Fitting the Tube Socket

Project Extra uses a phenolic wing tube socket glued into the fuselage. The first task is to set that socket into the fuselage and get it aligned perpendicularly and horizontally.

• Cut the socket to approximately 10 1/8 inches and fit it into the fuselage, sanding it flush to the sides (do not glue it in yet).
• To fit the tube horizontally, flip the fuselage on its back on a perfectly flat table and take measurements from the tabletop to the wingtips. If you do not have a perfect table, clamp a spare wing tube to the top of the fuselage and measure at the tips. Place the wings on the tube and use a long straight edge (we used an 8-foot piece of angle aluminum) to measure the wings.
• Make tiny adjustments by sanding the fuselage slightly to adjust the socket, remeasure until the horizontal angle is correct. Use a small wedge or toothpick to hold adjustments until you are ready to glue.

From 1/8-inch light plywood, make a pair of 3-inch-square tube-socket doublers with a 1.610-inch-diameter hole at the center. It may help to make the hole slightly undersized and sand it until you get a snug fit on the phenolic; the doublers need a tight fit.
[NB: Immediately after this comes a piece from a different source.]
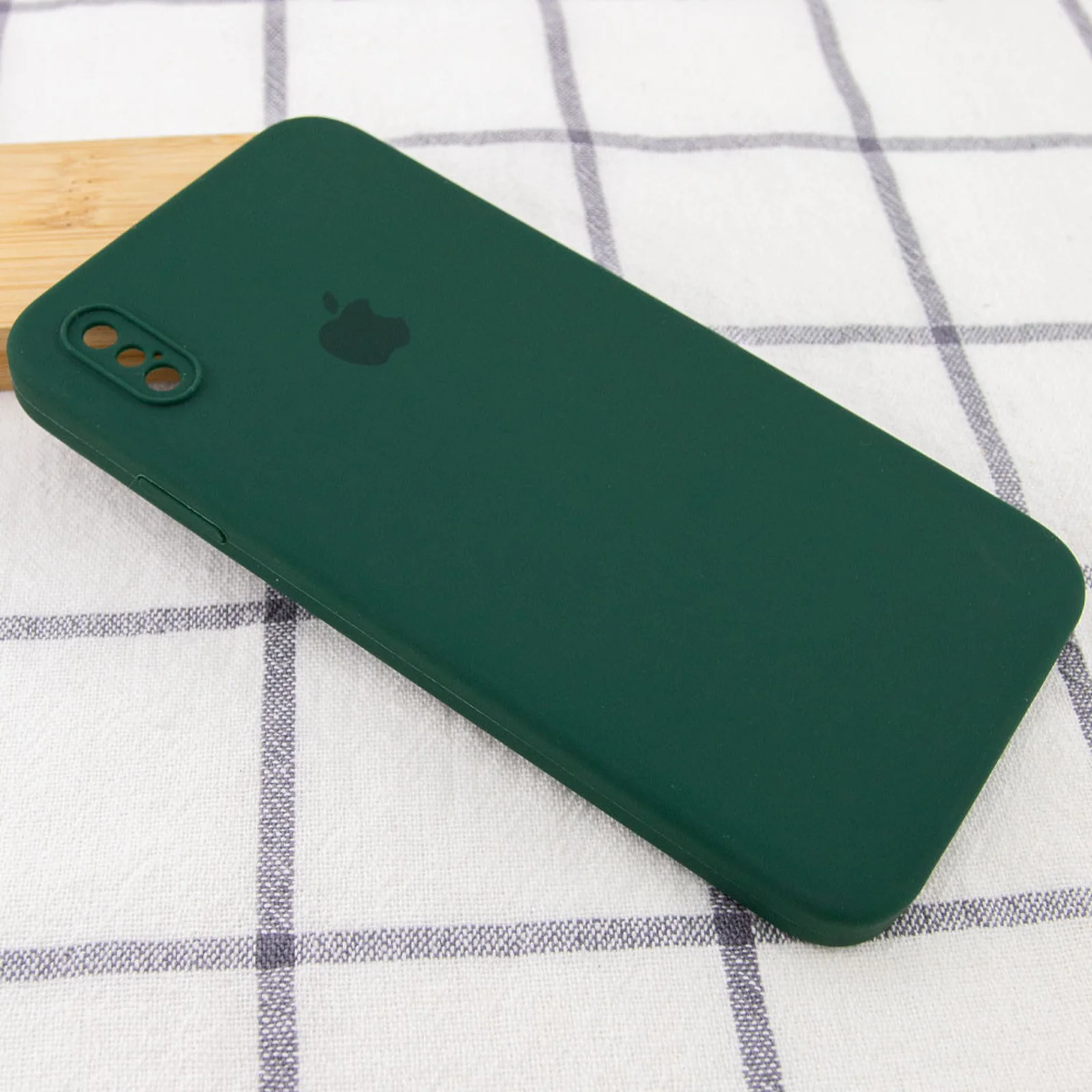 Чехол Silicone Case Square Full Camera Protective (AA) для Apple iPhone XS Max (6.5") Зеленый / Dark green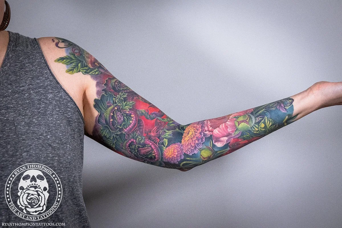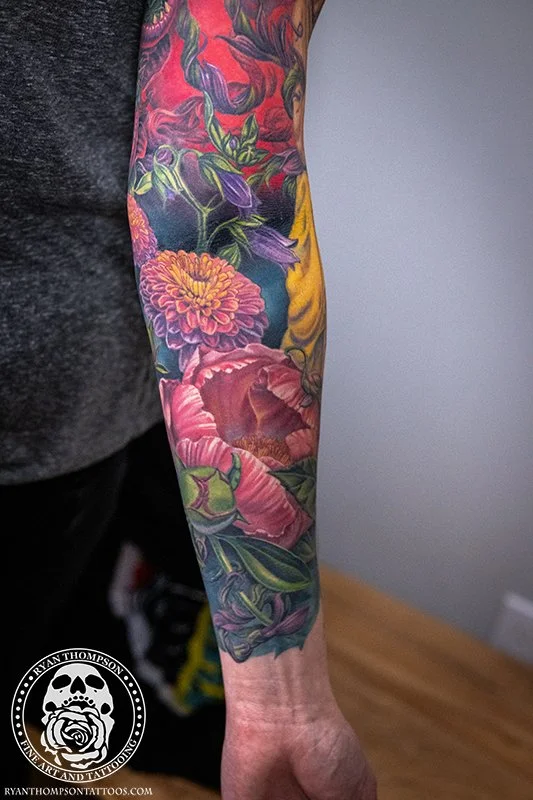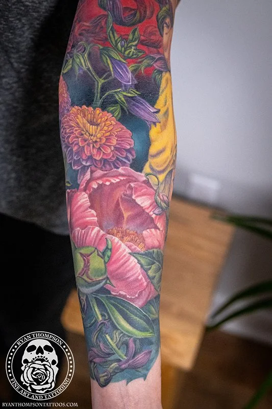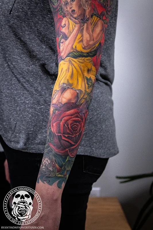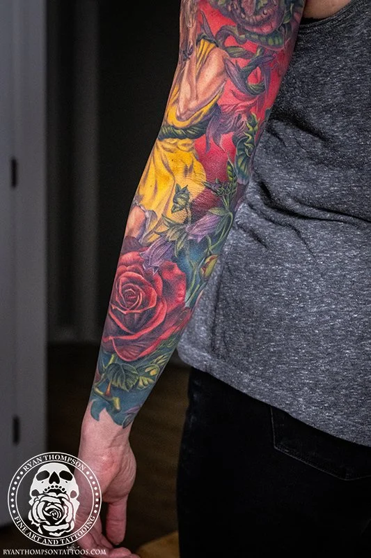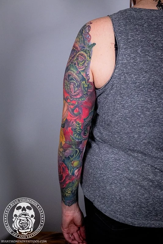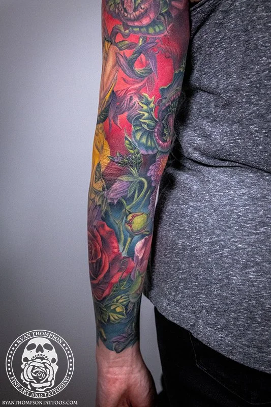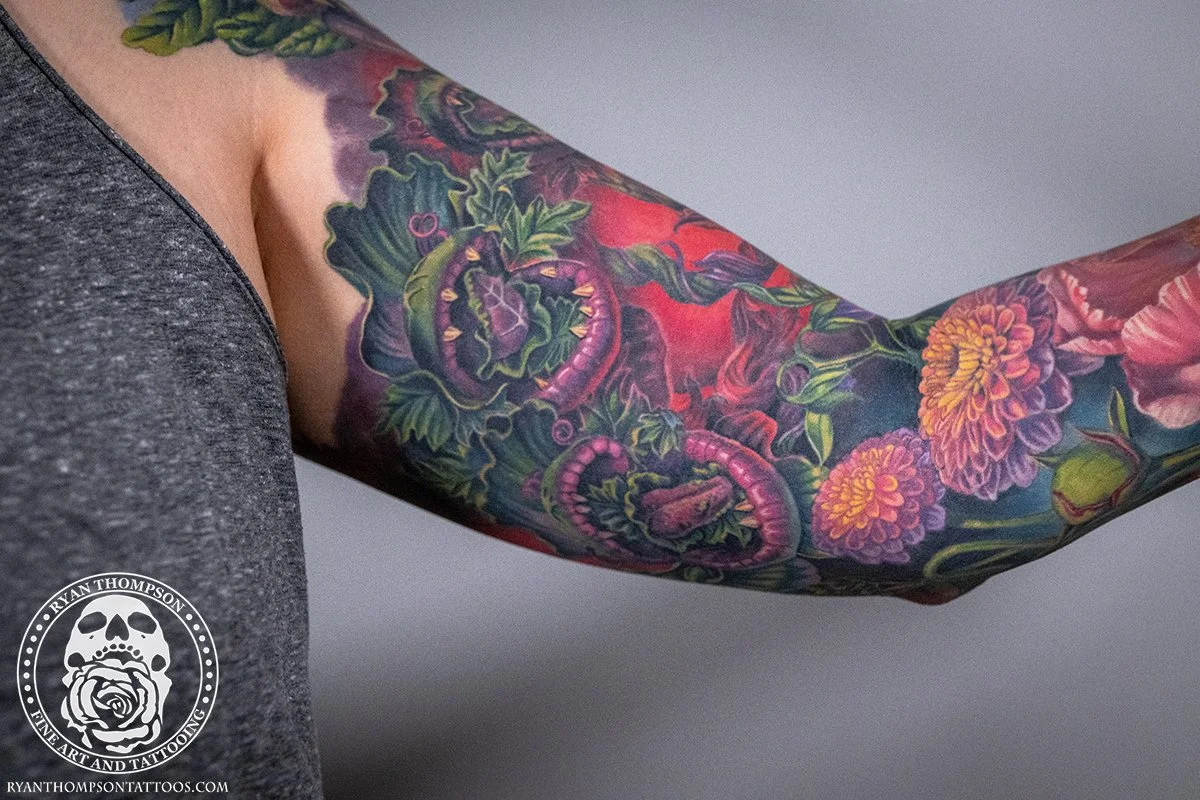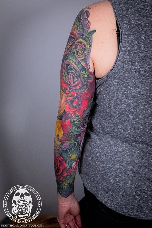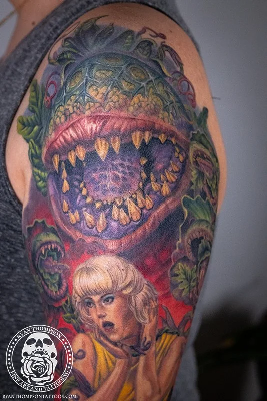Dorian’s detailed color Lil’ Shop of Horrors sleeve took approximately 75 hours over 26 sessions.

Box in the area where the doubler fits to the fuselage with two pieces of 3/8-inch square balsa.

Fit the socket into the fuselage with the doublers in place, square the tube to alignment using wedges, and do a final check. Tack-glue the socket to the fuselage with cyanoacrylate (CyA). Once satisfied with placement, final-glue the socket to the fuselage sides and slide the doublers over; glue them to the 3/8-inch balsa framework and the sides.

After the tube socket is finished, add the last diagonal brace into the fuselage.

Follow the same procedure for the stabilizer tube socket, except it does not utilize an inside doubler. If a large adjustment is necessary to bring the tube into alignment, a circular doubler may be glued directly to the inside of the fuselage sides. Make sure that the horizontal alignment of the stabilizer is adjusted to the top line of the wing or the wing tube, even if it is slightly askew from the fuselage. Since the stabilizer has no dihedral, the centerline of the leading edge should be on the same plane as the top line of the wing.

Wing Alignment (Trammeling)

Next check the fore-and-aft alignment of the wings to ensure they are square to the fuselage centerline.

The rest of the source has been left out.